Die neue Technik könne künftig noch bessere Ergebnisse bringen, etwa bei der Aufklärung von Straftaten, hatte Innenminister Thomas de Maizière (CDU) erklärt.
Mit Blick auf einen tatsächlichen Einsatz solcher Technik in Zukunft stelle sich die Frage, mit welchen Daten die Videobilder abgeglichen werden sollen, so Voßhoff. „Nur mit bekannten terroristischen Gefährdern, mit weiteren Datenbeständen der Polizeien oder sogar mit umfassenden nicht polizeilichen Datenbeständen?“
Die Deutsche Bahn baut nach eigenen Angaben in Zusammenarbeit mit dem BMI und der Bundespolizei ihre Videoanlagen „kontinuierlich aus“. Rund 6000 Kameras bundesweit überwachen demnach mehr als 80 Prozent. Auch die Berliner S-Bahn hatte gerade erst ein Millionen-Programm zum Ausbau der Videoüberwachung angekündigt.

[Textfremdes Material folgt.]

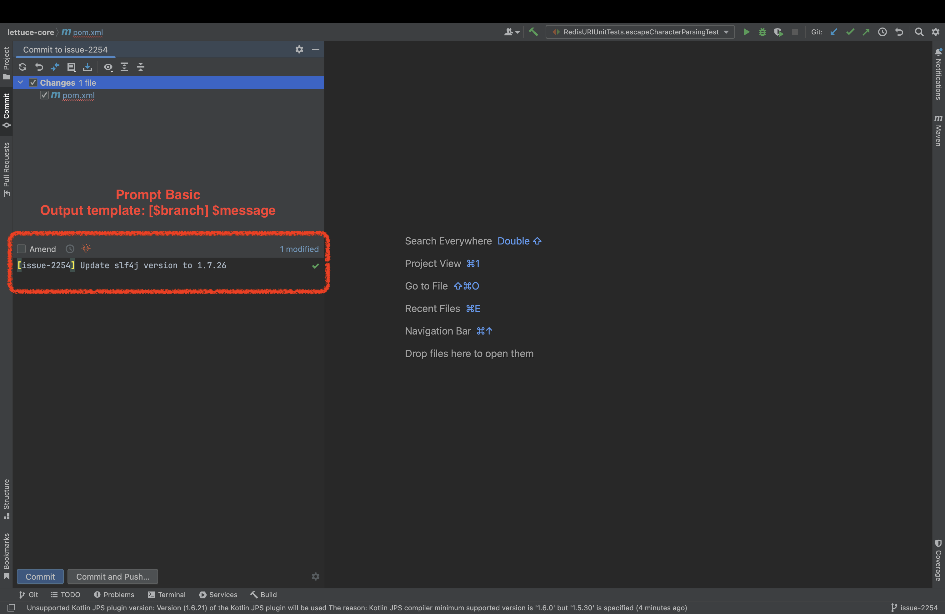 - Output template: 在选择 Basic 模式后可以通过模版定义生成的 commit message 的格式,模版中可以使用 $message 和 $branch 两个变量。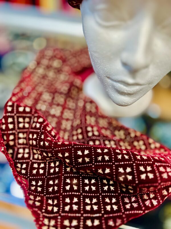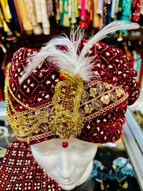 Luxurious Maroon Velvet Groom Turban adorned with intricate golden embroidery and stone embellishments.
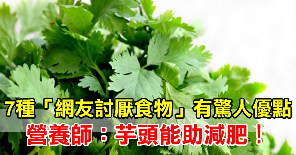 「挑食」不僅在營養攝取上不均衡,也可能使身體機能出問題。像是香菜、茄子、蔥等等,在最不受網友喜愛的食物中都榜上有名,但其實,這些討人厭的蔬菜含有豐富營養素。營養師李其昀就在粉專分享了7種雖然一般人討厭,實際上卻擁有驚人優點的食物,包括頗具爭議的香菜,能幫助身體解毒,甚至連澱粉類芋頭,都有助減肥。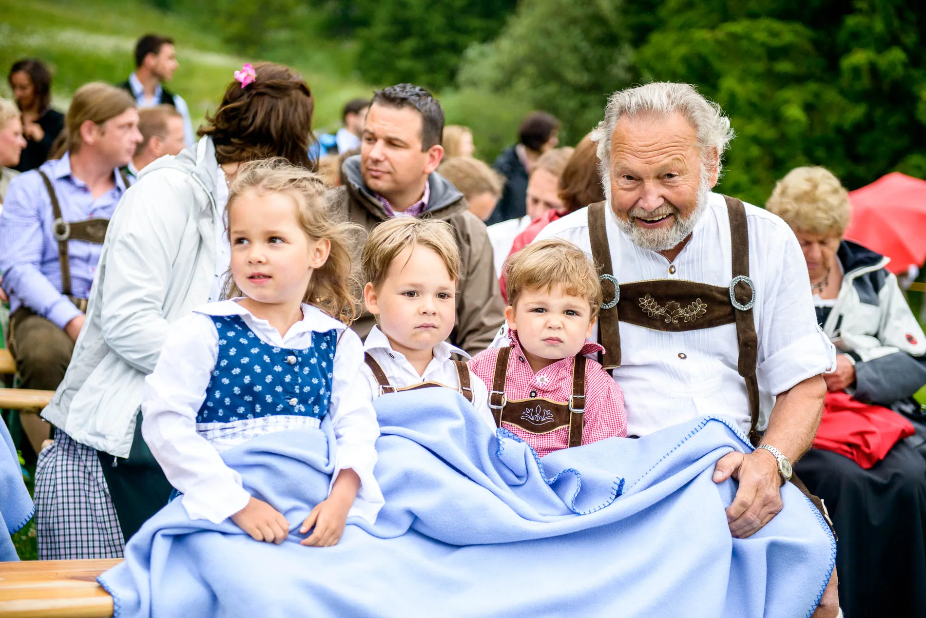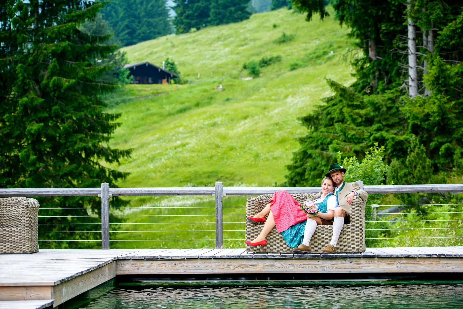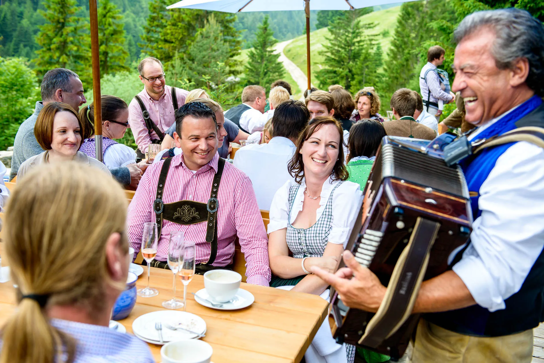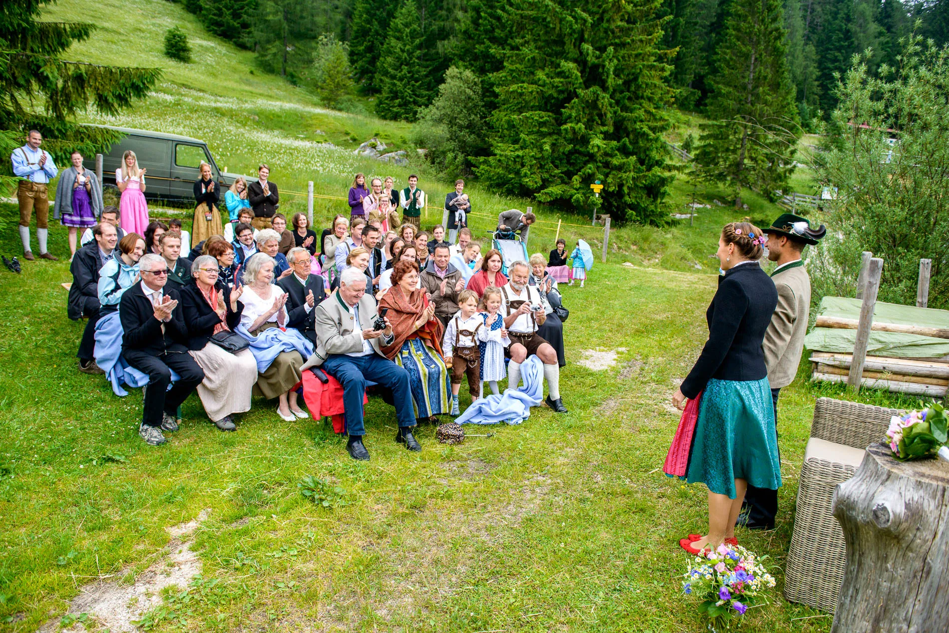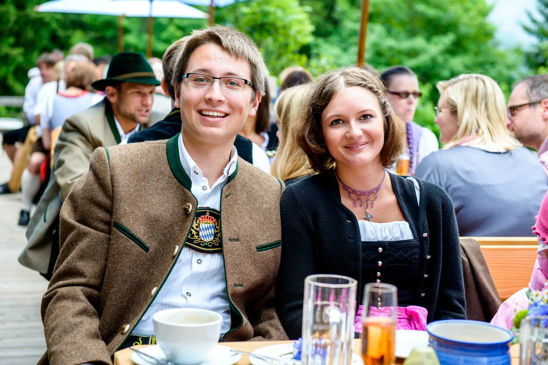 Schon beim ersten Blick auf das Brautpaar war klar: Hier wird nicht nur geheiratet, hier wird Tradition gelebt. Der Bräutigam im Trachtenanzug, die Braut im Dirndl – eine Kombination, die so zeitlos ist wie die Berge selbst. Einige Gäste ließen es sich nicht nehmen, stilecht in Lederhosen den Aufstieg zum Sillberghaus zu meistern. Wer behauptet, dass man für eine Hochzeit unbedingt Lackschuhe braucht, hat vermutlich noch nie gesehen, wie elegant man in Haferlschuhen eine Alm erklimmen kann.

Vorgesehen sind unter anderem 360-Grad-Kameras in neuen Zügen.
Leser*innenkommentare
wxyz
Testweise ist ok? Nur das, was fest beschlossen auf die Testphase folgt und ohne dessen feste Absicht es gar keine Testphase geben würde, ist nicht ok?
Ob "nur" doppelzüngig oder Unfähigkeit mit Diplom oder noch etwas anderes wird hier nicht mehr unterscheidbar.
Ein Knackpunkt ist und bleibt auch der Gummibegriff "Gefährder". Ob zukünftig vielleicht auch jeder als Gefährder gilt, der zufällig das falsche Parteibuch in der Tasche hat, bleibt offen.
Wie schnell politisches Kalkül das Demokratieverständnis ändern kann, zeigen u. a. auch die Beispiele USA, Ungarn und Türkei. Der passende Backdoorvirus-Politiker an der passenden Stelle, und schon wird alles anders.
TV
Nach und nach wird der Datenschutz ausgelöchert und protestiert man, kommt die Antwort: Dammbruchargument. Ich freu mich dann schon auf den Perso mit GPS-Sender...
kditd
Hat nicht eigentlich jeder ein "Recht am eigenen Bild"? Das gilt wohl auch nur noch auf dem Papier.
mowgli
Das freundlichste, was ich über diese Frau denken kann nach dem Lesen dieses Textes, ist: Sie ist eine totale Fehlbesetzung. Ich wüsste wirklich gern, wer sie auf ihren Posten gehievt hat und warum. Wobei – das Warum kann ich mir beinah selber denken.
"Für sich genommen" mag ein solcher Test ja vielleicht noch kein Beinbruch sein. Nur kann man ihn gar nicht "für sich" nehmen. Ein Test ist schließlich dazu da, einen Regelfall vorzubereiten. Und wenn diese Gesichtserkennung eine Regel wird, ist sie nicht bloß ein "schwerwiegender Eingriff" in das gesellschaftliche Gleichgewicht, sondern eine echte Katastrophe.
Grisch
Was bitteschön ist denn ein gesellschaftliches Gleichgewicht? zumal in diesem Zusammenhang? und in wiefern wird das dann durch Gesichtserkennungssoftware beeinträchtigt?
Ich vermute mal eine "echte Katastrophe" ist etwas anderes...
Lowandorder
Mal 'n Schritt über die Nasenspitze hinausgedacht - kerr!
Wenn beim "Gefährderzugriff"-2.0 der - JaJa -
Herr Thomas Meier*, Potze 58, zerlegt zwischen den Gleisen liegt!
Statt des Herr Thomas Meier*, Potze 85, weil er jenem Herrn -
Was biometrisch ähnelt! - Nu. &¿ - "Aber si'cher dat!"
Dazu a ARDZDF - FrozenThomas:"Shit happens! &
Glücklicherweise kann kein menschliches
Versagen festgestellt werden!" (short cut!) &
Wieder! Klar - "schaute des Glasauge menschlicher!"
"Normal!"
(*Nationalität & Pigmentierung -
Dürfen nach Pressekodex - erst während der
Prozessberichterstattung genannt werden -
Normal!)
Da Hias
@Lowandorder Brazil lassen grüßen. Tuttle, Buttle.